Housing Doom

“He who defends everything defends nothing.” - Frederick the Great

August 9th, 2008

First Magnus Paid Illegal Fees To Builder And Real Estate Companies

The sleezy mortgage news keeps coming from Arizona.  While the focus recently has been on Mortgage Ltd. and their Radical Bunny investors in Phoenix, we haven’t forgotten the problems with the defunct First Magnus Financial in Tucson.  While some of their former directors and officers have gone on to form a new company in the old location, old "dirty laundry" lingers on. [Hat tip MR!]
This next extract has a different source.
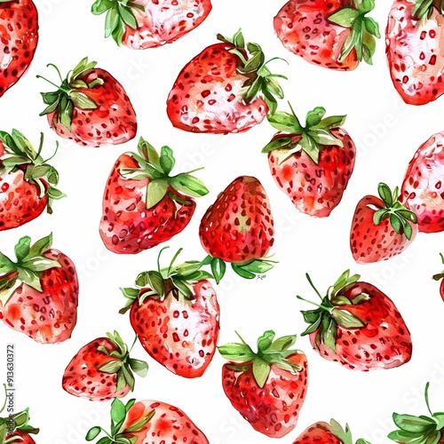 Watercolor painting of a pattern with vibrant strawberries, on isolated white background

Collapsed lender First Magnus Financial Corp. paid illegal fees to real estate companies and builders to secure mortgage business, according to an audit report released by U.S. Department of Housing and Urban Development.
 
The Aug. 4 HUD Office of Inspector General report said that First Magnus paid the fees between 2003 and 2005 to builders T.J. Bednar and Santa Anna Homes as well as to Long Realty Co. and Realty Executives.

The fees and other agreements outlined in the report violated the Real Estate Settlement Procedures Act, according to HUD. RESPA, as the law is known, forbids mortgage lenders or other parties involved real estate transactions to give or receive “any fee, kickback or thing of value” in exchange for referring business.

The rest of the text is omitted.